[Stored entries]
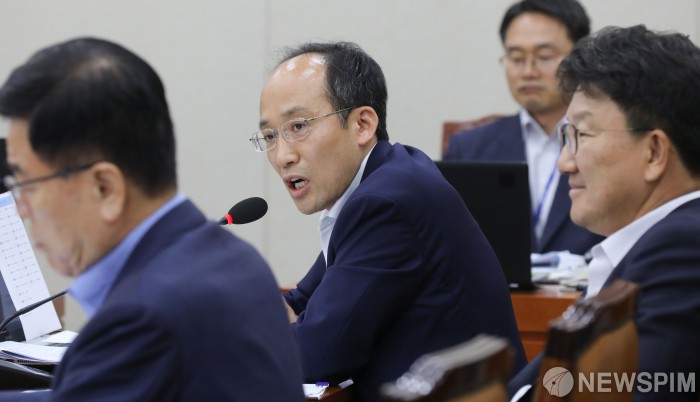 [서울=뉴스핌] 최상수 기자 = 23일 오후 서울 여의도 국회에서 열린 기획재정위원회 전체회의에서 추경호 자유한국당 간사가 발언하고 있다. 2019.07.23 kilroy023@newspim.com
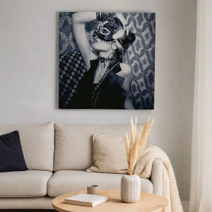 - Et maleri, der forestiller en kvinde iført en venetiansk maske mod en baggrund af udsmykkede mønstre. Dette elegante motiv er fuld af mystik og stil, perfekt til interiør inspireret af kunst og glamour.
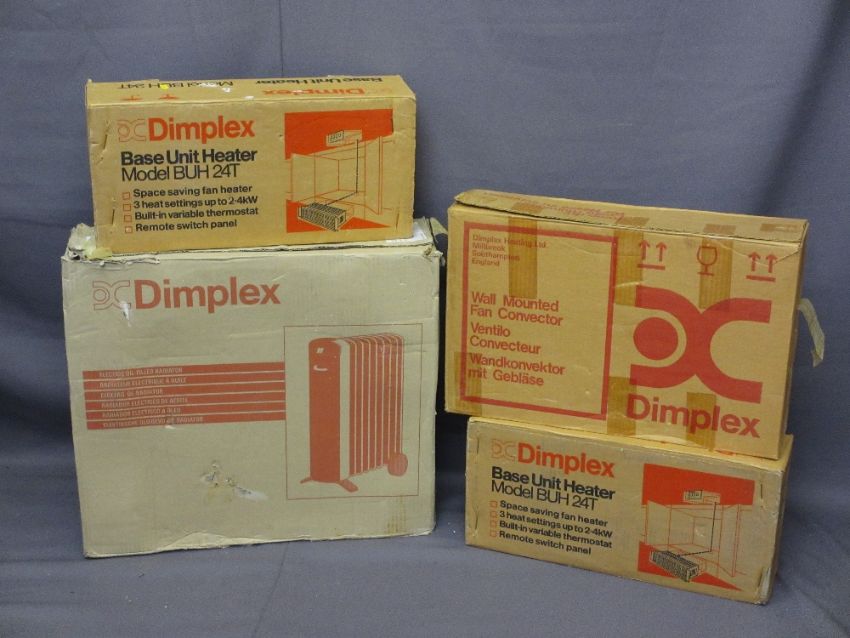 BOXED DIMPLEX OIL FILLED RADIATOR and three electrical wall heaters E/T
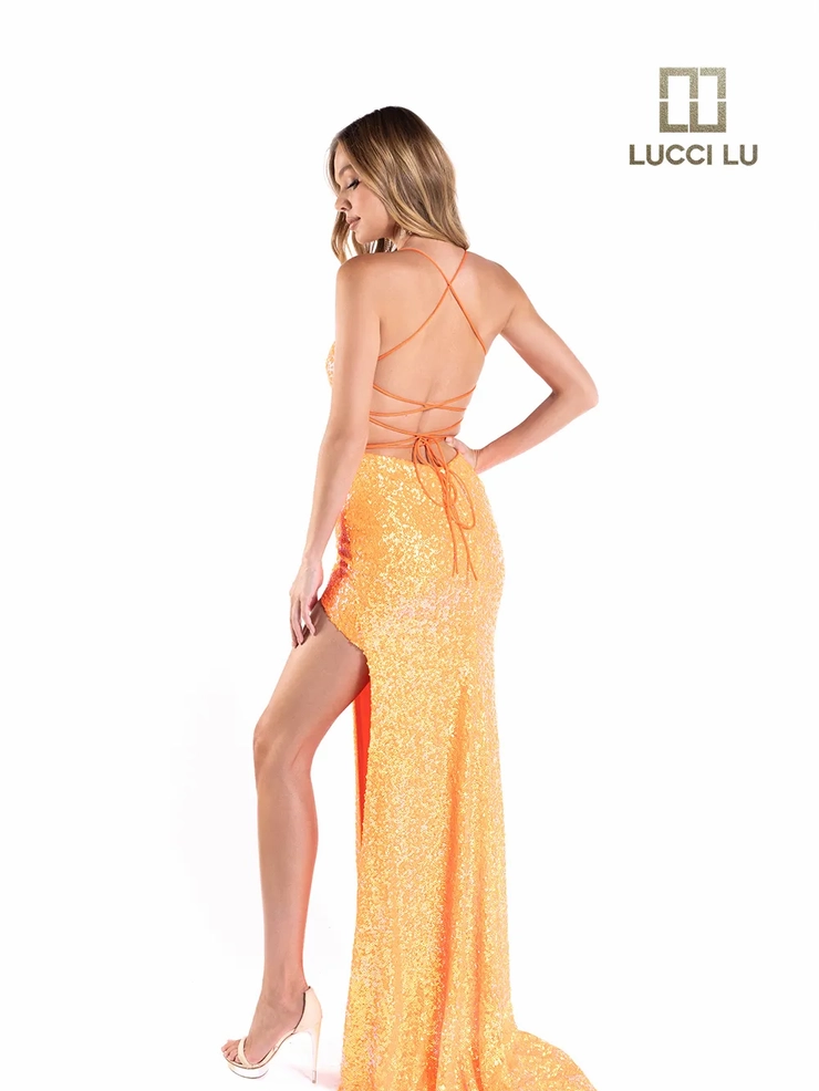 Make a bold and glamorous statement in Lucci Lu Style 1238, a dazzling gown that promises to leave a lasting impression at any evening event or prom.
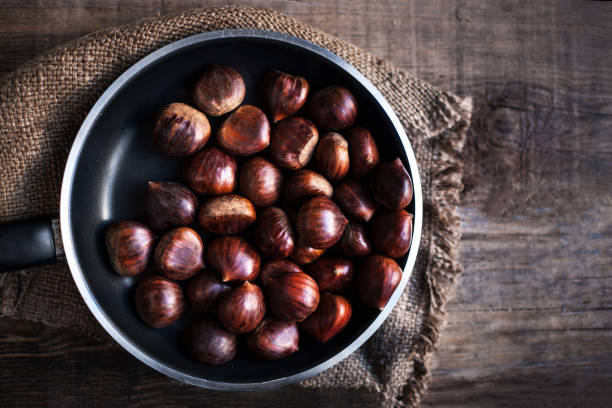 S’il y a un fruit que l’on assimile aux fêtes de fin d’année, qui évoque la chaleur d’un feu de cheminée et la tablée festive, c’est bien la châtaigne. Eh bien, c’est pareil pour les grecs ! Marrons grillés ou cuits à l’eau, volailles farcies à la châtaigne, marrons glacés ou enrobés de chocolat, rôti de porc aux châtaignes et aux pruneaux, bûche aux marrons, ne manquent jamais à la table de Noël ! En Grèce on fait honneur à ce fruit saisonnier et délicieux. Parler de la châtaigne, c’est bien, mais en manger, c’est encore mieux… Alors on vous donne même une recette de Noël avec des châtaignes !
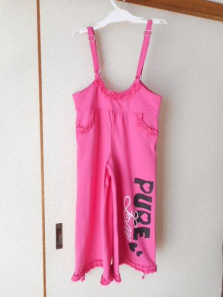 > ★新品★背中にリボン&フリルと英語ロゴが付いたオーバーオール・パンツ・ズボン ピンク
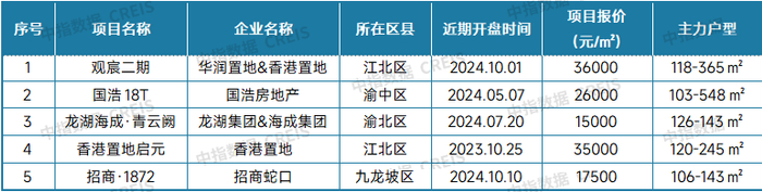 表:2024年9月重庆典型新房项目

PROBLEM DETAILS
All of the entries above should be retyped exactly, with the pictures left out.

FINISHED TASK
 [서울=뉴스핌] 최상수 기자 = 23일 오후 서울 여의도 국회에서 열린 기획재정위원회 전체회의에서 추경호 자유한국당 간사가 발언하고 있다. 2019.07.23 kilroy023@newspim.com
 - Et maleri, der forestiller en kvinde iført en venetiansk maske mod en baggrund af udsmykkede mønstre. Dette elegante motiv er fuld af mystik og stil, perfekt til interiør inspireret af kunst og glamour.
 BOXED DIMPLEX OIL FILLED RADIATOR and three electrical wall heaters E/T
 Make a bold and glamorous statement in Lucci Lu Style 1238, a dazzling gown that promises to leave a lasting impression at any evening event or prom.
 S’il y a un fruit que l’on assimile aux fêtes de fin d’année, qui évoque la chaleur d’un feu de cheminée et la tablée festive, c’est bien la châtaigne. Eh bien, c’est pareil pour les grecs ! Marrons grillés ou cuits à l’eau, volailles farcies à la châtaigne, marrons glacés ou enrobés de chocolat, rôti de porc aux châtaignes et aux pruneaux, bûche aux marrons, ne manquent jamais à la table de Noël ! En Grèce on fait honneur à ce fruit saisonnier et délicieux. Parler de la châtaigne, c’est bien, mais en manger, c’est encore mieux… Alors on vous donne même une recette de Noël avec des châtaignes !
 > ★新品★背中にリボン&フリルと英語ロゴが付いたオーバーオール・パンツ・ズボン ピンク
 表:2024年9月重庆典型新房项目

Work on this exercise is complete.